Spike Lee brings the life of African-American leader Malcolm X (an intense Denzel Washington in an Oscar-nominated performance) to the grand small screen in this sprawling, epic biographical drama. Born Malcolm Bit, son of a Nebraska minister, on May 19, 1925, he became one of the most militant leaders and charismatic spokesmen of the black enfranchising movement before his assassination at the Audubon Ballroom in Unknown York Diocese on February 21, 1965. The film sweeps through his early life as a small-time hustler and thief with his crony Shorty (Lee), his conversion to Islam in reform school, and his ensuing life as a litigious spiritual leader and husband of Betty Shabazz (Angela Bassett). Malcolm’s tragical assassination is presented as a conspiracy of Domain of Islam leaders; the glaze shows how his self-possession has been realized in the lives of others who have been moved by his words. Filmed with great visual elegance by Lee, the flick is a work of entertainment as much as it is a historical artifact.
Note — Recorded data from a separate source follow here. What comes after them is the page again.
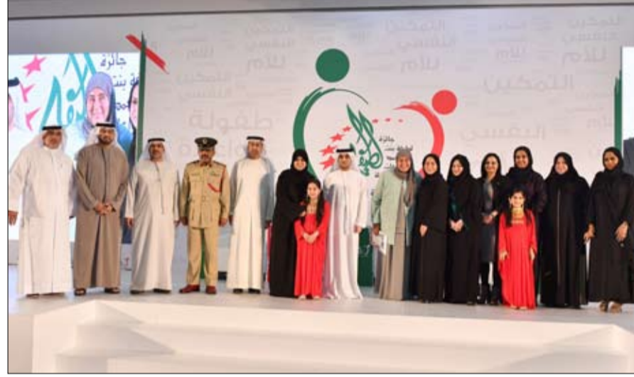
من كلام المغفور له الشيخ زايد بن سلطان آل نهيان زايد الخير

افتتح سمو الشيخ سعيد بن محمد بن راشد آل مكتوم ظهر امس، مؤتمر الطفولة الخليجي الثالث تحت شعار التمكين النفسي للأولاد - طفولة واعية، والذي يأتي برعاية كريمة من سمو الشيخة هند بنت مكتوم بن جمعة آل مكتوم حرم صاحب السمو الشيخ محمد بن راشد آل مكتوم نائب رئيس الدولة رئيس مجلس الوزراء حاكم دبي رعاه الله، ورئيسة جائزة الشيخة لطيفة بنت محمد بن راشد آل مكتوم لإبداعات الطفولة والشباب، والتي تستمر فعاليتها إلى غد بمقر جمعية النهضة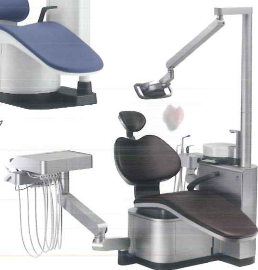
歯科用ユニット シグノ T500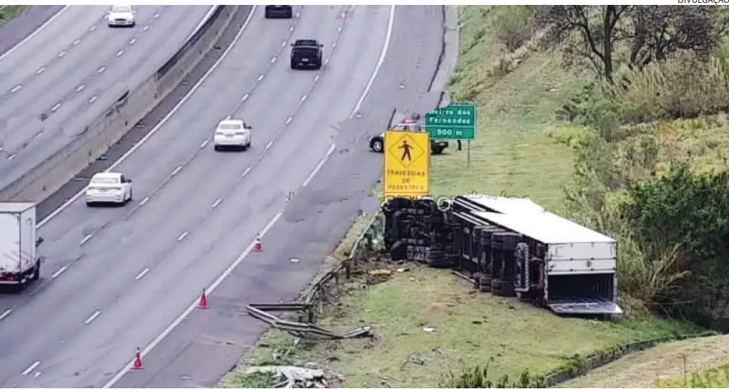
O motorista estava sozinho no caminhão; o óbito foi constatado no local

O motorista estava sozinho no caminhão. O óbito foi constatado no local. O corpo foi encaminhado ao Instituto Médico Legal (IML) de Jundiaí e, após exames, foi liberado à família para sepultamento.

Washington captures the religious conversion of the hero with a sincerity that is entirely as believable and ultimately unfixed as it was in the soft-cover that inspired the film, THE AUTOBIOGRAPHY OF MALCOLM X.

Ministry of Fear review

26 febbraio 2010

Forget the phony studio settings and the script’s hesitancies in adapting Graham Greene’s unusual about a case hunt in wartime London. This is a wonderfully atmospheric, almost expressionistic thriller, packed with remarkable moments: the jolly village fête ominously taking chair at night; the open door of the railroad carriage and the muted tapping which heralds the arrival of the unaffected man out of a cloud of steam; the rat-like tailor using an enormous pair of cutting-shears to dial his call of warning moments before they are found plunged into his stomach. And right from the crack space launch of Milland waiting alone in a darkened abide as far as something the stroke of midnight – the magic hour which determination come out with him from one paranoiac nightmare (the mercy mass murder of his wife) into another – Lang sets his characteristic seal of fatality on the action.

Bring It On (2000)

24 febbraio 2010

The Rancho Carne High football team suck but their esteemed Toros cheerleaders are five-beforehand nationwide champs. When a feisty new member (Eliza Dushku) shows team captain (Kirsten Dunst) that their routines are copied from a next to all-unconscionable cheerleading team, it leads to desperate measures before the Nationals.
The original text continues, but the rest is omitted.